§ **WHAT YOU SHOULD DO**: Reproduce, please, the line that holds "空气中充足的水汽在低温中凝结" and all later lines through the end of the entries below, exactly; omit pictures.
Start of Block
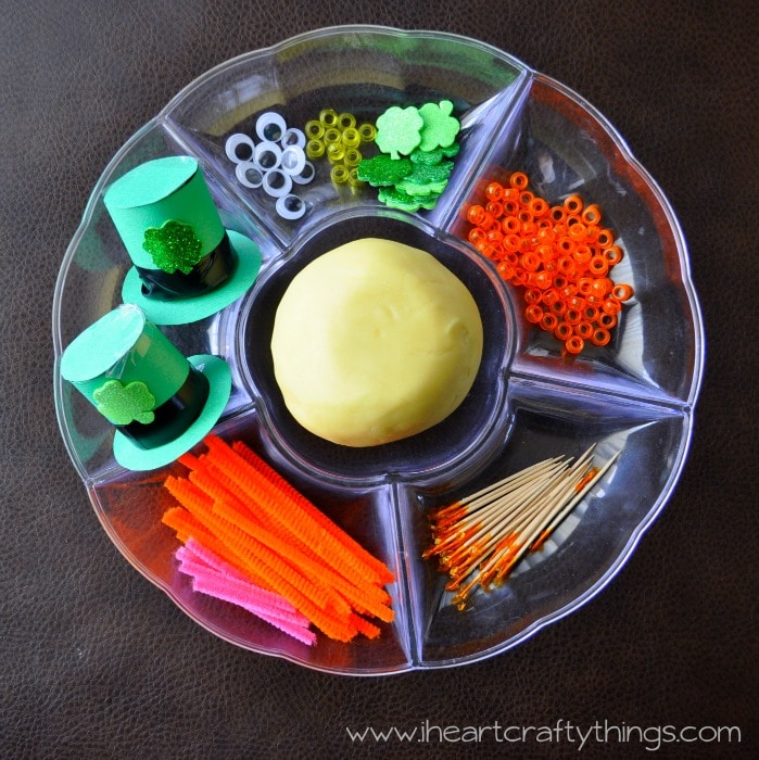 Included in our tray with our play dough I used googly eyes, orange cocktail toothpicks, small shamrock stickers and the Leprechaun hats that I made out of empty toilet paper rolls. I will tell you how I made those in a minute.
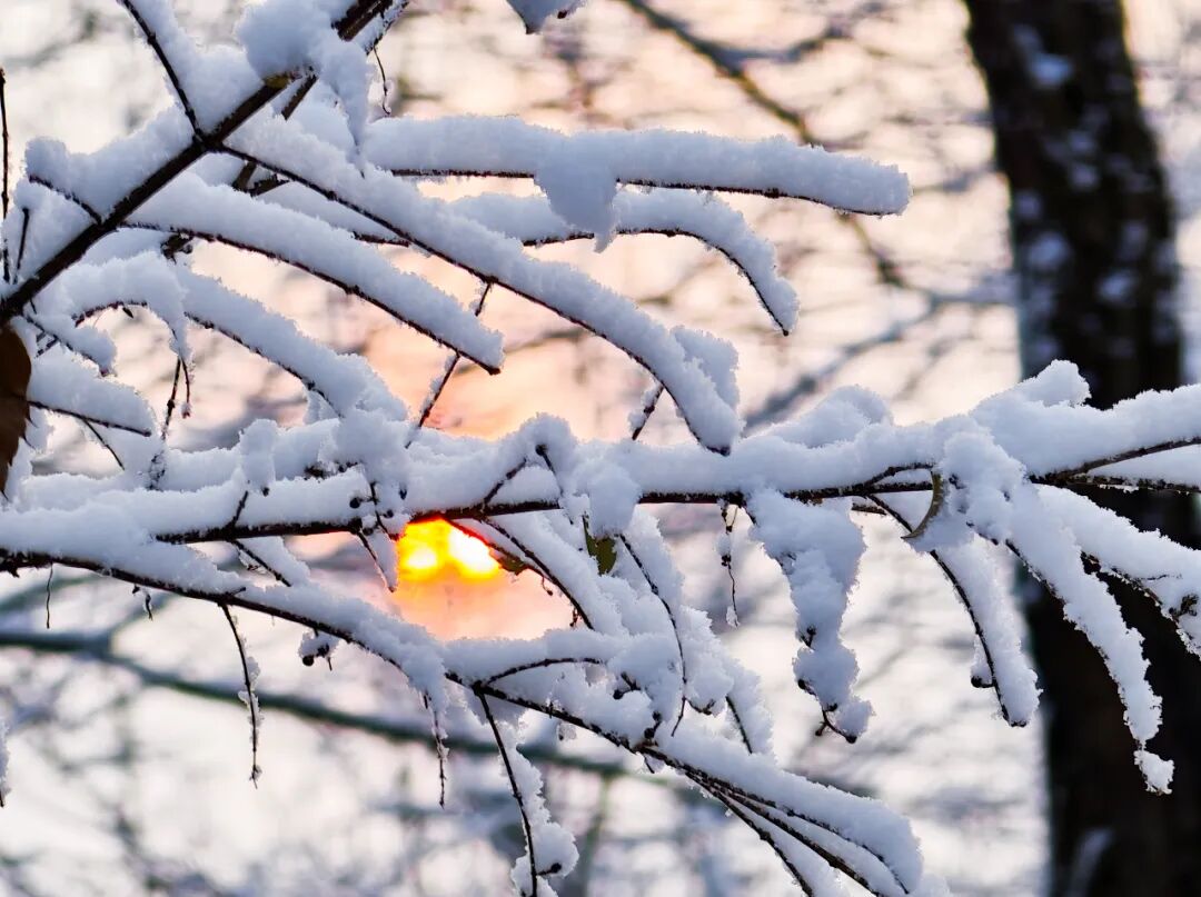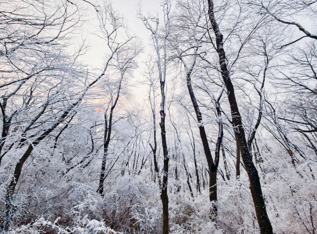 空气中充足的水汽在低温中凝结,为树木披上了一层晶莹洁白的“冰衣”,在阳光的照射下闪烁着银光。
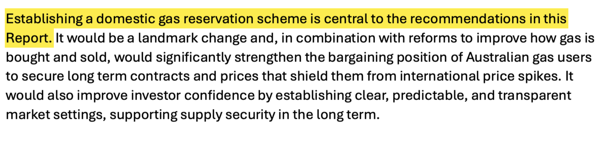The basis for this approach was contained in both the joint ministerial release and the Gas Market Review report. ‘Existing contracts would be respected – both domestic and international contracts.
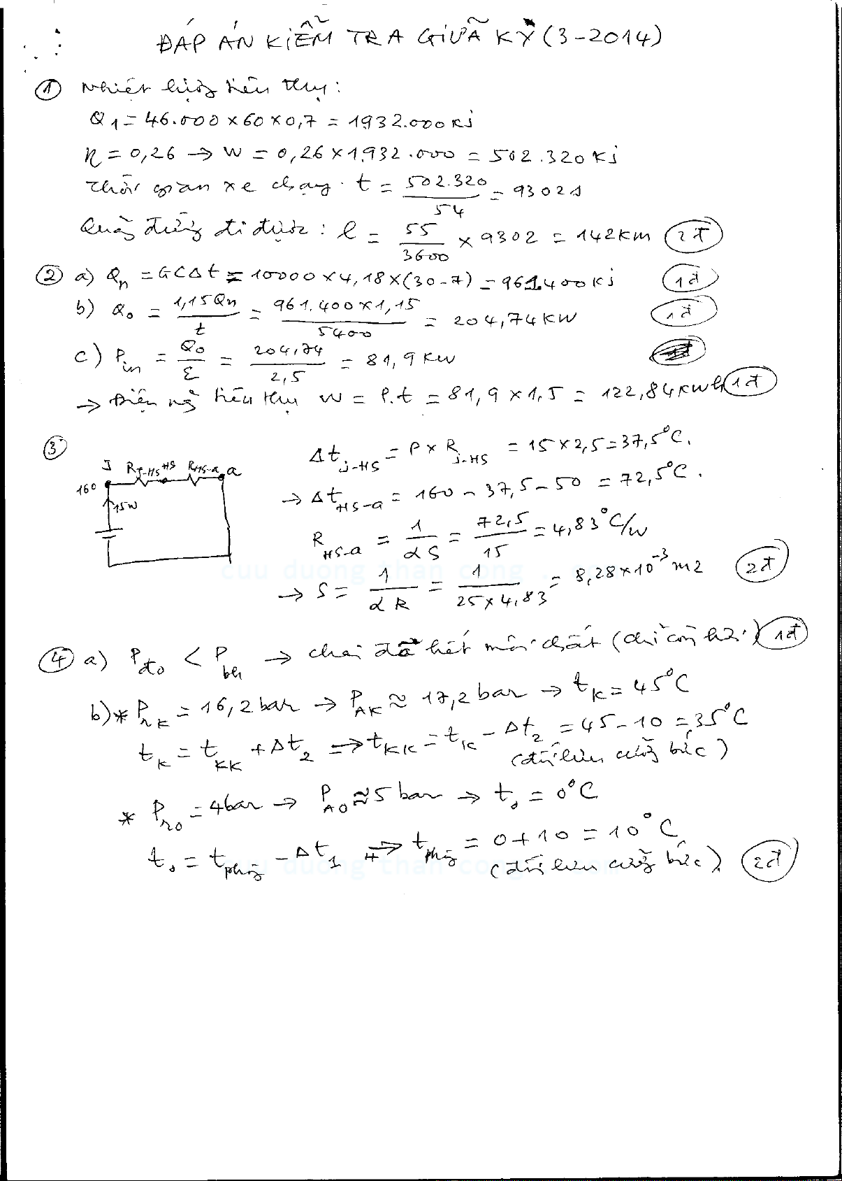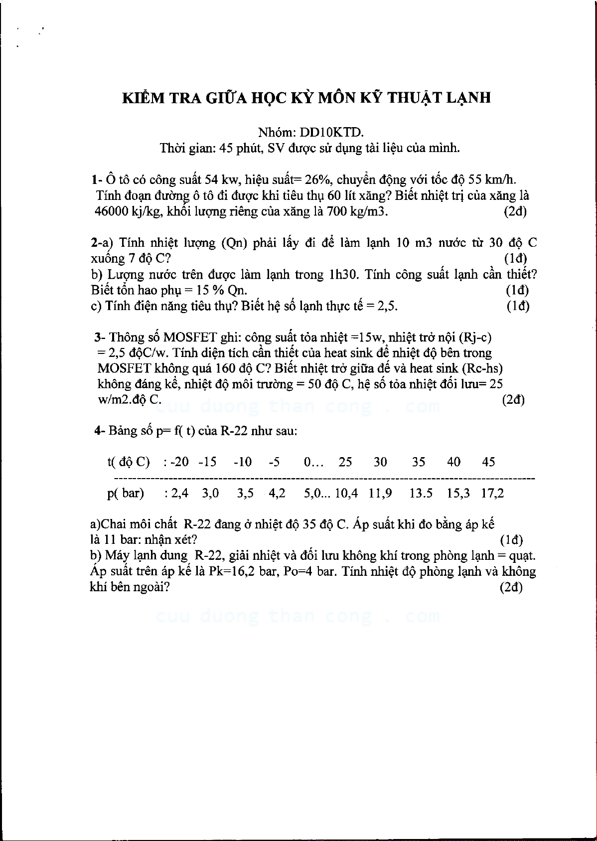 Đề thi giữa học kỳ môn Kỹ thuật lạnh
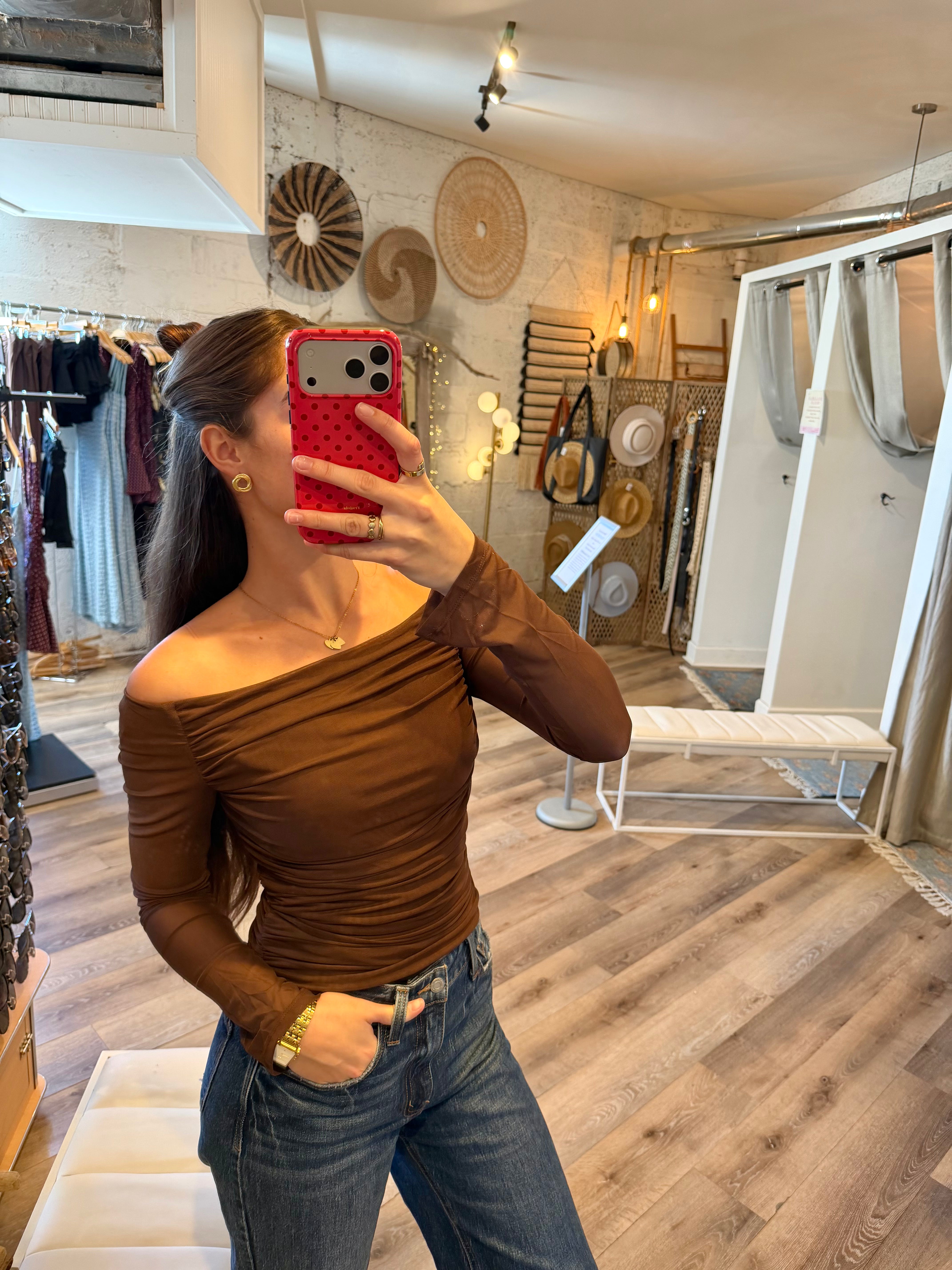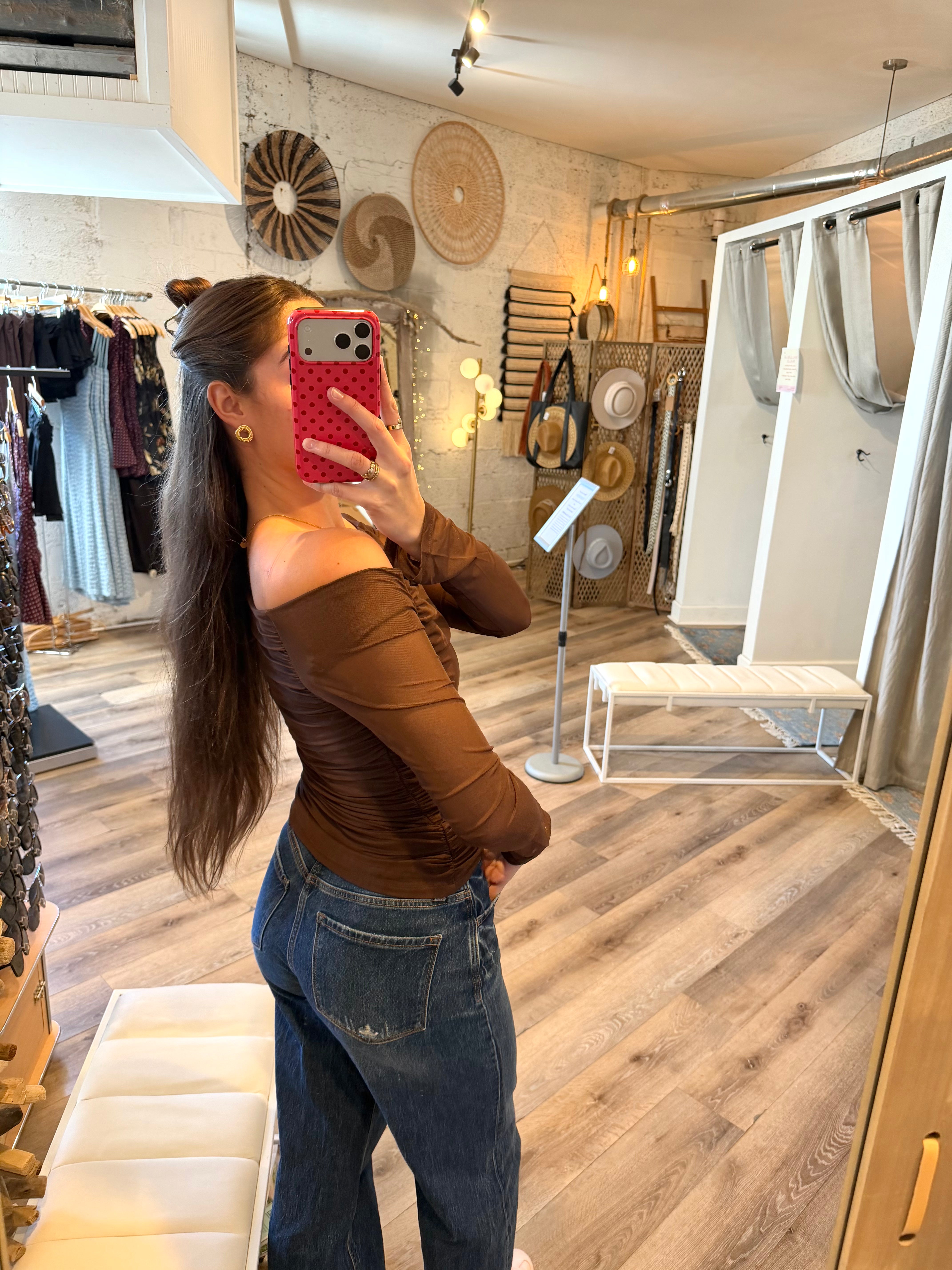 Elevate your wardrobe with the Sweet Cocoa Top, a chocolate-colored, long-sleeve piece that hugs your silhouette for a flattering fit. Its off-the-shoulder design combined with gathered detailing adds a touch of effortless elegance, making it perfect for both casual outings and stylish evenings. This top seamlessly blends comfort and chic, ensuring you stand out with subtle sophistication.
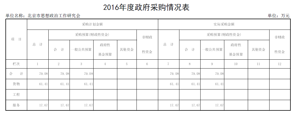 2016年北京市思想政治工作研究会政府采购支出总额79.08万元,其中:政府采购货物支出61.41万元,政府采购服务支出17.67万元。授予中小企业合同金额31.78万元,占政府采购支出总额的40.19%。
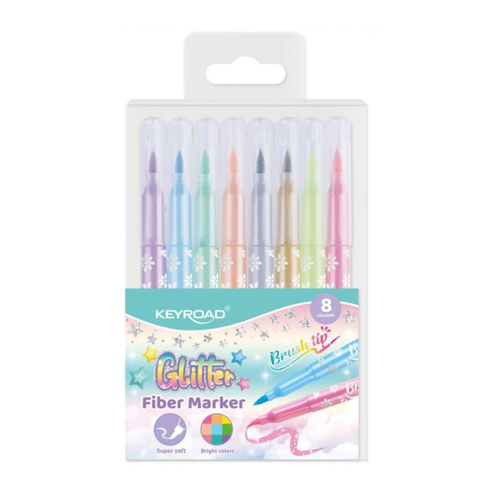 Trblietavé fixky KEYROAD Fiber Marker v intenzívnych pastelových odtieňoch, ktoré oživia každú prácu s trblietavým povrchom pre oslnivý efekt s mäkkým štetcovým hrotom, vďaka čomu sú ideálne na presné farbenie umývateľný atrament, ktorý sa ľahko zmýva z rúk a oblečenia sada obsahuje 8 farieb farba: rôzne pastelové farby
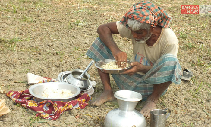 ফাল্গুনের পড়ন্ত দুপুরে পেঁয়াজ ক্ষেতে বসে ভাত খাচ্ছেন কৃষক। গ্রাম বাংলার দৃশ্যটি পাবনার বেড়া উপজেলার ঢালারচর থেকে ছবিটি তুলেছেন টিপু সুলতান।
End of Block
§ **WRITTEN RESPONSE**:
 空气中充足的水汽在低温中凝结,为树木披上了一层晶莹洁白的“冰衣”,在阳光的照射下闪烁着银光。
The basis for this approach was contained in both the joint ministerial release and the Gas Market Review report. ‘Existing contracts would be respected – both domestic and international contracts.
 Đề thi giữa học kỳ môn Kỹ thuật lạnh
 Elevate your wardrobe with the Sweet Cocoa Top, a chocolate-colored, long-sleeve piece that hugs your silhouette for a flattering fit. Its off-the-shoulder design combined with gathered detailing adds a touch of effortless elegance, making it perfect for both casual outings and stylish evenings. This top seamlessly blends comfort and chic, ensuring you stand out with subtle sophistication.
 2016年北京市思想政治工作研究会政府采购支出总额79.08万元,其中:政府采购货物支出61.41万元,政府采购服务支出17.67万元。授予中小企业合同金额31.78万元,占政府采购支出总额的40.19%。
 Trblietavé fixky KEYROAD Fiber Marker v intenzívnych pastelových odtieňoch, ktoré oživia každú prácu s trblietavým povrchom pre oslnivý efekt s mäkkým štetcovým hrotom, vďaka čomu sú ideálne na presné farbenie umývateľný atrament, ktorý sa ľahko zmýva z rúk a oblečenia sada obsahuje 8 farieb farba: rôzne pastelové farby
 ফাল্গুনের পড়ন্ত দুপুরে পেঁয়াজ ক্ষেতে বসে ভাত খাচ্ছেন কৃষক। গ্রাম বাংলার দৃশ্যটি পাবনার বেড়া উপজেলার ঢালারচর থেকে ছবিটি তুলেছেন টিপু সুলতান।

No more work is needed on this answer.